Hypostomus cordovae

Scientific classification
- Domain: Eukaryota
- Kingdom: Animalia
- Phylum: Chordata
- Class: Actinopterygii
- Order: Siluriformes
- Family: Loricariidae
- Genus: Hypostomus
- Species: H. cordovae
- Binomial name: Hypostomus cordovae (Günther, 1880)
- Synonyms: Plecostomus cordovae;

= Hypostomus cordovae =

- Authority: (Günther, 1880)
- Synonyms: Plecostomus cordovae

Species of fish

Hypostomus cordovae is a species of catfish in the family Loricariidae. It is native to South America, where it is known from Argentina. It occurs in areas with strong currents, well-oxygenated waters, and a substrate primarily composed of sandstone boulders, although patches of sand and pebbles are often present.
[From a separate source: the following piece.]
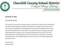 The Churchill County School District says it received an anonymous threat. They are working with the Fallon Police Department and "found that no specific threat is locally imminent." All schools in the district are open for the day.Â

The water in which H. cordovae can be found typically has a temperature of 20.7 to 31.4 °C (69.3 to 88.5 °F), a turbidity of 1.29 to 75.1 NTU, a pH of 7.8 to 8.8, an oxygen concentration of 6.9 to 11.2 mg/L, and a conductivity of 4.530 to 77 μS/cm.

H. cordovae reaches 24.8 cm (9.8 inches) SL and is believed to be a facultative air-breather. Its specific epithet, cordovae, presumably refers to the province of Córdoba in Argentina.